Cannabinoids in the Management of Severe Nausea and Vomiting from Cancer Chemotherapy. Some Additional Considerations

Cannabis occurs naturally in the dried flowering or fruiting tops of the Cannabis sativa plant. Cannabis is most often consumed by smoking marihuana. Cannabinoids are the active compounds extracted from cannabis. Recently, there has been renewed interest in cannabinoids for medicinal purposes. The two proven indications for the use of the synthetic cannabinoid (dronabinol) are chemotherapy-induced nausea and vomiting and AIDS-related anorexia.

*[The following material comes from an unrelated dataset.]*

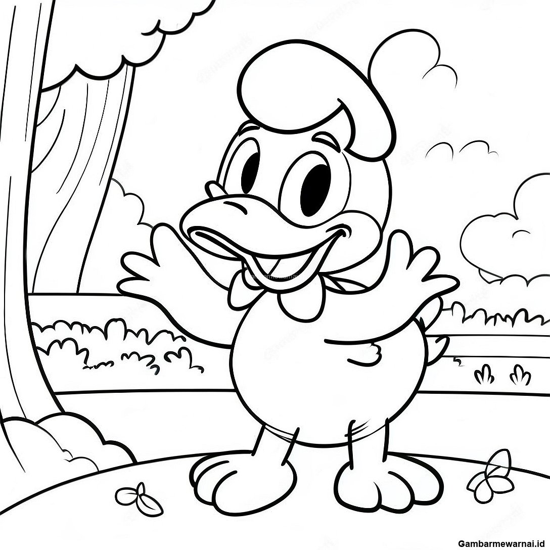 Halaman Mewarnai Donald Duck Bermain Di Taman

Other possible effects that may prove beneficial in the oncology population include analgesia, antitumor effect, mood elevation, muscle relaxation, and relief of insomnia. Two types of cannabinoid receptors, CB1 and CB2, have been detected. CB1 receptors are expressed mainly in the central and peripheral nervous system. CB2 receptors are found in certain nonneuronal tissues, particularly in the immune cells. Recent discovery of both the cannabinoid receptors and endocannabinoids has opened a new era in research on the pharmaceutical applications of cannabinoids. The use of cannabinoids should be continued in the areas indicated, and further studies are needed to evaluate other potential uses in clinical oncology.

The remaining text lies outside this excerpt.